Marcellin Atemkeng is a researcher with more than 7 years' experience in high-bandwidth signal processing and data science with a strong background in applied mathematics, computer science, artificial intelligence, and radio interferometric data processing. He is currently developing novel dimensional reduction algorithms and applying deep learning techniques for the SKA big data. Marcel is also a lecturer in machine learning/deep learning and the coordinator of the AI research group (AIRG) at Rhodes University where he is supervising a number of students. Visit the below link to learn more about AIRG, ongoing works, and recent publications. https://www.ru.ac.za/mathematics/research/artificialintelligenceresearchgroupairg/
xova - a Baseline-Dependent Time and Channel Averaging Implementation
Traditional radio interferometric correlators produce regular-gridded samples of the true uv-distribution by averaging the signal over constant, discrete time-frequency intervals. This regular sampling and averaging then translate to be irregular-gridded samples in the uv-space, and results in a baseline-length-dependent loss of amplitude and phase coherence, which is dependent on the distance from the image phase centre: this effect is known as decorrelation.
In this poster, we discuss the implementation and the theory behind Xova; a software package that implements Baseline-Dependent Time and Channel averaging on Measurement Set data. uv-samples along a baseline track are aggregated into a bin until a specified decorrelation tolerance is exceeded. The degree of decorrelation in the bin correspondingly determines the amount of channel averaging that is suitable for samples in the bin. This necessarily implies that the number of channels varies per bin and the output data loses the rectilinear input shape of the input data.
The BDA averaging algorithm used in xova is implemented in the codex-africanus algorithms library via parallel blockwise operations on dask arrays. Each individual operation is accelerated with numba. CASA table columns are exposed as dask arrays by the dask-ms data access library, which also supports writing dask arrays to both existing and new Measurement Sets. As the number of channels varies per bin, xova writes variably shaped data columns to new Measurement Sets. While this is supported by the CASA table system and the MSv2.0 specification, DDFacet is the only imager currently capable of correctly reading these columns. To the best of our knowledge, this is the first implementation that can output Time and Channel BDA data to a Measurement Set.

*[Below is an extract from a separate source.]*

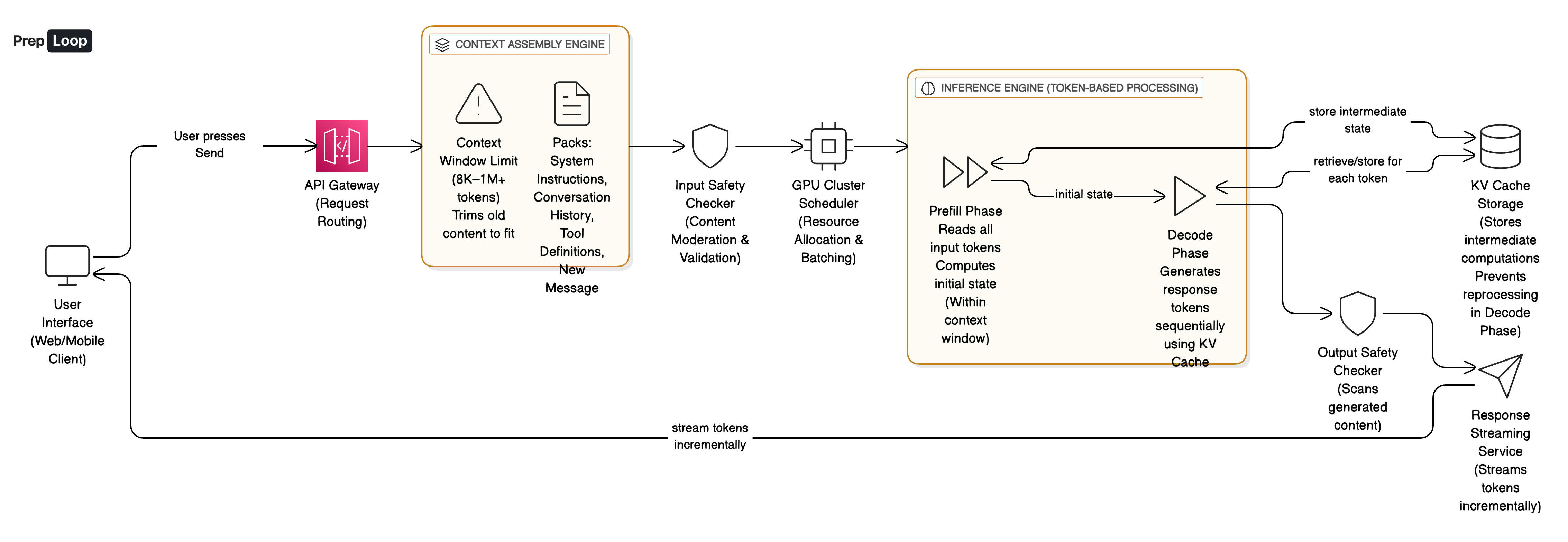 When you press Send, your message triggers a complex multi-stage process that transforms simple text into contextually aware responses. The system doesn’t just pass your question to a model and return an answer. Instead, it assembles context, validates safety constraints, manages computational resources, and carefully orchestrates the generation process across specialized hardware.

Additionally, care has been taken to ensure that columns are averaged according to their nominal and effective definitions in the MSv2.0 specification. Columns such as TIME and INTERVAL include bad or missing (i.e. flagged) data in a nominal average, while TIME_CENTROID and DATA exclude bad or missing data in an effective average. Thus, fully flagged bins are not merely discarded but are retained so that correct TIME and INTERVAL grids remain established for the downstream applications.
Xova shows a promising compression capability while maintaining decorrelation constant across all the baselines when the BDA option is activated. BDA averaging of data produced by the MeerKAT telescope shows that a data compression factor of 40X and outer field-of-interest suppression are achieved.